▶ Stored data:
● ● ●
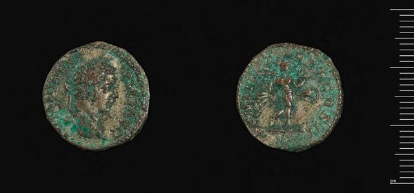 Curator: Look at this Sestertius, a bronze coin of Lucius Verus from the Harvard Art Museums. There's something incredibly haunting about the decay of the material, isn't there? Editor: Absolutely. I see the figure of Lucius Verus and what appears to be a goddess on the reverse, perhaps Pax, radiating an almost ghostly peace. Curator: It's fascinating how a single object embodies so much about Roman imperial power and economic production, its value intrinsically tied to the labor extracted to mine the metal. Editor: And each emperor used these emblems to communicate power and ideal virtues. Pax here symbolized stability and divine favor during Verus's reign. Curator: Even the coin's wear tells a story, revealing constant circulation and handling, a direct link to Roman daily life and trade networks. Editor: It's a tiny window into a vast empire, where symbols and power were intertwined. Curator: A fascinating relic, indeed. Editor: It certainly makes you think about what we value.
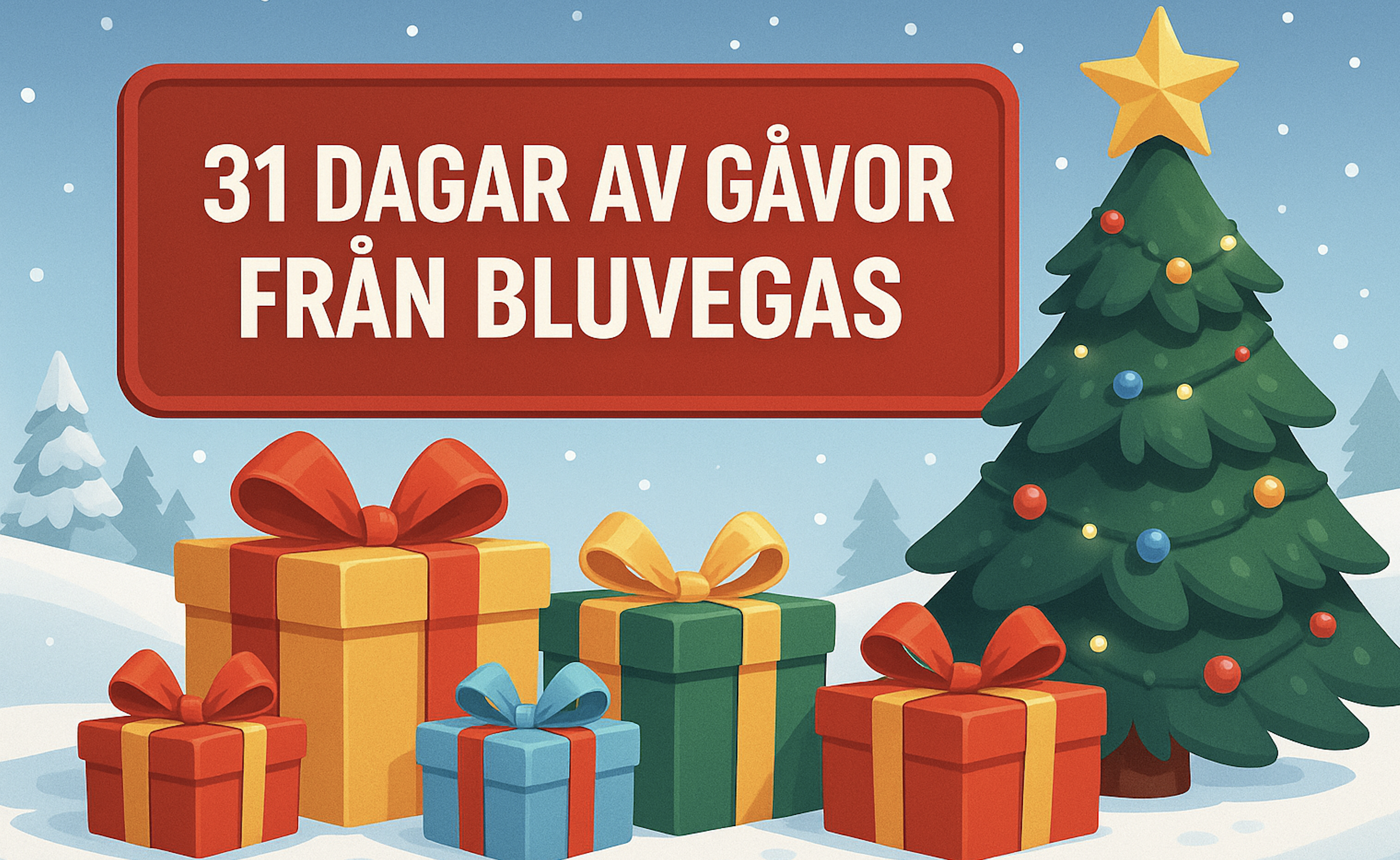 Det Àr dags att spÀnna hjÀlmen ordentligt, för nu skakar det! BluVegas Casino har startat en festlig kampanj som varar hela december, 31 Days of Gifts. FrÄn och med den första december fram till Ärets slut, det vill sÀga den 31.12, kan du plocka upp en daglig gÄva frÄn BV:s tomtar.
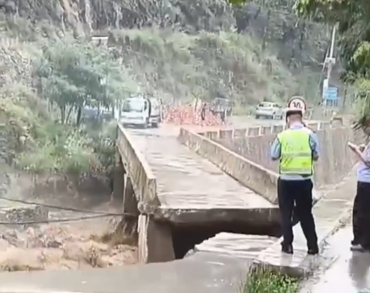 周三(24日)甘肅隴南徽縣柳林鎮一橋樑被山洪沖走。影片顯示橋樑垮塌並被沖走。政府已採取措施,無人員傷亡。
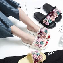 凉拖鞋女夏时尚外穿2017新款松糕厚底百搭韩版甜美串珠平底拖鞋潮
● ● ●
▶ Activity: Type out the data above once more, exactly, with no images included.

▶ Answer to the problem:
 Curator: Look at this Sestertius, a bronze coin of Lucius Verus from the Harvard Art Museums. There's something incredibly haunting about the decay of the material, isn't there? Editor: Absolutely. I see the figure of Lucius Verus and what appears to be a goddess on the reverse, perhaps Pax, radiating an almost ghostly peace. Curator: It's fascinating how a single object embodies so much about Roman imperial power and economic production, its value intrinsically tied to the labor extracted to mine the metal. Editor: And each emperor used these emblems to communicate power and ideal virtues. Pax here symbolized stability and divine favor during Verus's reign. Curator: Even the coin's wear tells a story, revealing constant circulation and handling, a direct link to Roman daily life and trade networks. Editor: It's a tiny window into a vast empire, where symbols and power were intertwined. Curator: A fascinating relic, indeed. Editor: It certainly makes you think about what we value.
 Det Àr dags att spÀnna hjÀlmen ordentligt, för nu skakar det! BluVegas Casino har startat en festlig kampanj som varar hela december, 31 Days of Gifts. FrÄn och med den första december fram till Ärets slut, det vill sÀga den 31.12, kan du plocka upp en daglig gÄva frÄn BV:s tomtar.
 周三(24日)甘肅隴南徽縣柳林鎮一橋樑被山洪沖走。影片顯示橋樑垮塌並被沖走。政府已採取措施,無人員傷亡。
 凉拖鞋女夏时尚外穿2017新款松糕厚底百搭韩版甜美串珠平底拖鞋潮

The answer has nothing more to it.